*TASK INSTRUCTIONS*
Word for word, repeat everything in the records below except the pictures.

*THE INPUT*
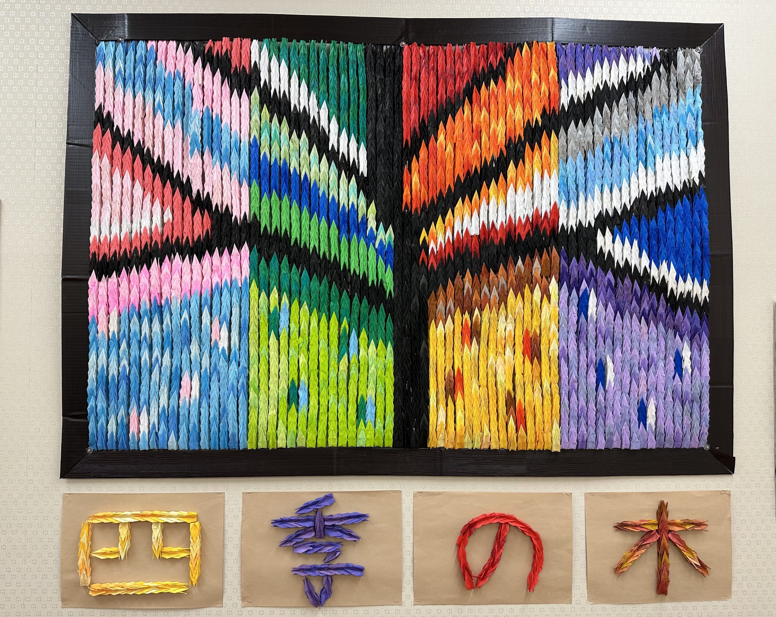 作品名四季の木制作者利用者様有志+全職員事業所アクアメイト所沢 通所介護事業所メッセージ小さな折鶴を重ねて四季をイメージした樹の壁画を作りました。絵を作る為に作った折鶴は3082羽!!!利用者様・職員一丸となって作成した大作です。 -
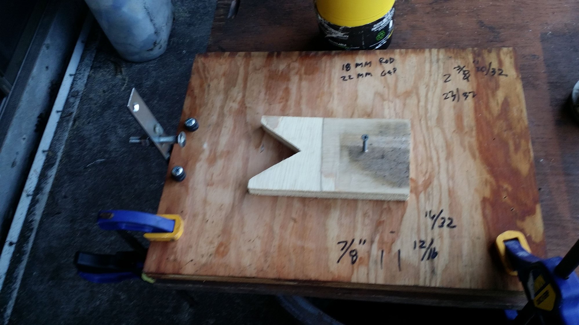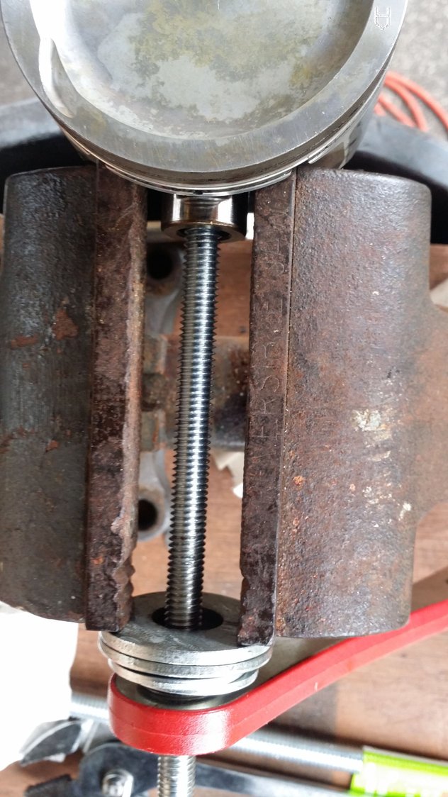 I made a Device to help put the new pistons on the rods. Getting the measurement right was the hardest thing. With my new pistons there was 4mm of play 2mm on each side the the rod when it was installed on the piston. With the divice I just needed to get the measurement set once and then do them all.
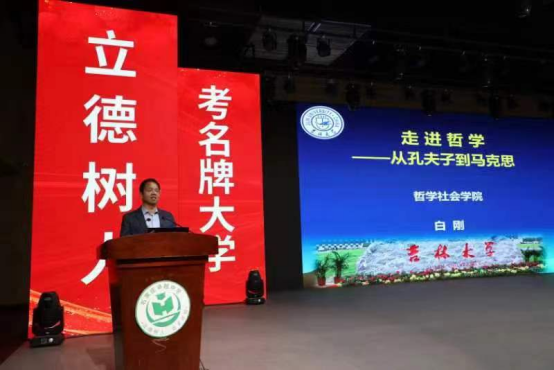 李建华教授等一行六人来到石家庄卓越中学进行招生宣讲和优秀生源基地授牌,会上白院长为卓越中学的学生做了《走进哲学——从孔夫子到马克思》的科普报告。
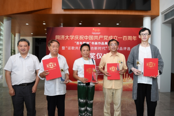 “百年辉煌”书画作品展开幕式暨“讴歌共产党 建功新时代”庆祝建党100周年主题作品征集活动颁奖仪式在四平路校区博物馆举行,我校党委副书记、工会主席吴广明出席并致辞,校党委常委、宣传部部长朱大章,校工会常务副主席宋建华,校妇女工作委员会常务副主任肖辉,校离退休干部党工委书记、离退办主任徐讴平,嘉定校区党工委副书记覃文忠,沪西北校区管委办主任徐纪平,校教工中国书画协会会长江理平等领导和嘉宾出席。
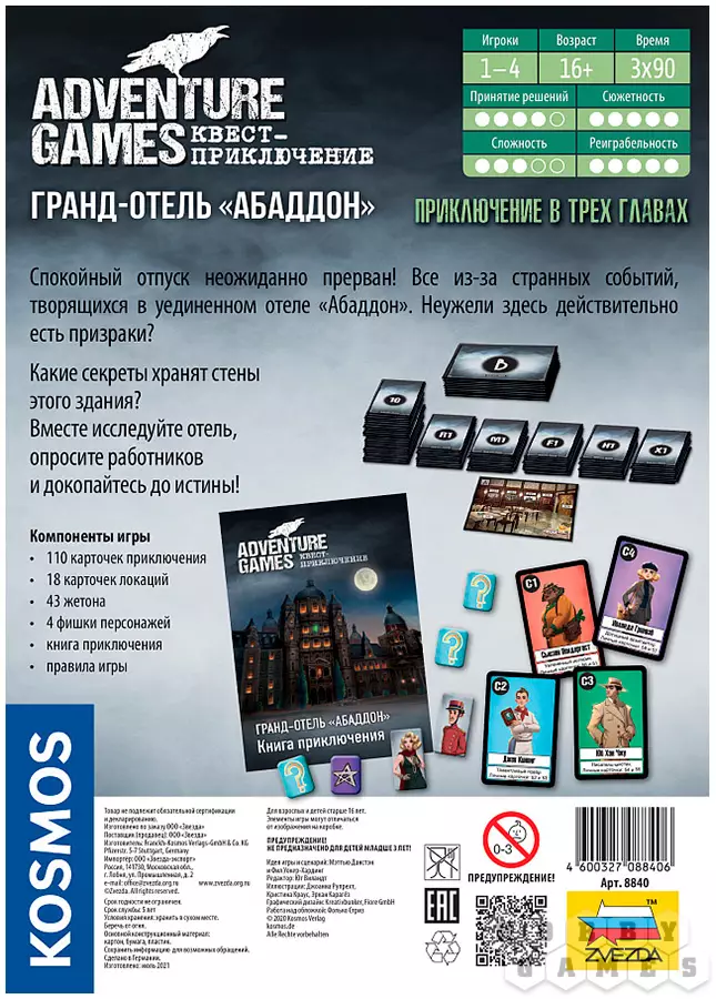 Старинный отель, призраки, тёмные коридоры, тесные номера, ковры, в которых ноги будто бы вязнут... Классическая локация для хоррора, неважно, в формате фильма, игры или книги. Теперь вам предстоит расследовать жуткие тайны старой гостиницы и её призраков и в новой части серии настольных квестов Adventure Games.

*RESPONSE*
 作品名四季の木制作者利用者様有志+全職員事業所アクアメイト所沢 通所介護事業所メッセージ小さな折鶴を重ねて四季をイメージした樹の壁画を作りました。絵を作る為に作った折鶴は3082羽!!!利用者様・職員一丸となって作成した大作です。 -
 I made a Device to help put the new pistons on the rods. Getting the measurement right was the hardest thing. With my new pistons there was 4mm of play 2mm on each side the the rod when it was installed on the piston. With the divice I just needed to get the measurement set once and then do them all.
 李建华教授等一行六人来到石家庄卓越中学进行招生宣讲和优秀生源基地授牌,会上白院长为卓越中学的学生做了《走进哲学——从孔夫子到马克思》的科普报告。
 “百年辉煌”书画作品展开幕式暨“讴歌共产党 建功新时代”庆祝建党100周年主题作品征集活动颁奖仪式在四平路校区博物馆举行,我校党委副书记、工会主席吴广明出席并致辞,校党委常委、宣传部部长朱大章,校工会常务副主席宋建华,校妇女工作委员会常务副主任肖辉,校离退休干部党工委书记、离退办主任徐讴平,嘉定校区党工委副书记覃文忠,沪西北校区管委办主任徐纪平,校教工中国书画协会会长江理平等领导和嘉宾出席。
 Старинный отель, призраки, тёмные коридоры, тесные номера, ковры, в которых ноги будто бы вязнут... Классическая локация для хоррора, неважно, в формате фильма, игры или книги. Теперь вам предстоит расследовать жуткие тайны старой гостиницы и её призраков и в новой части серии настольных квестов Adventure Games.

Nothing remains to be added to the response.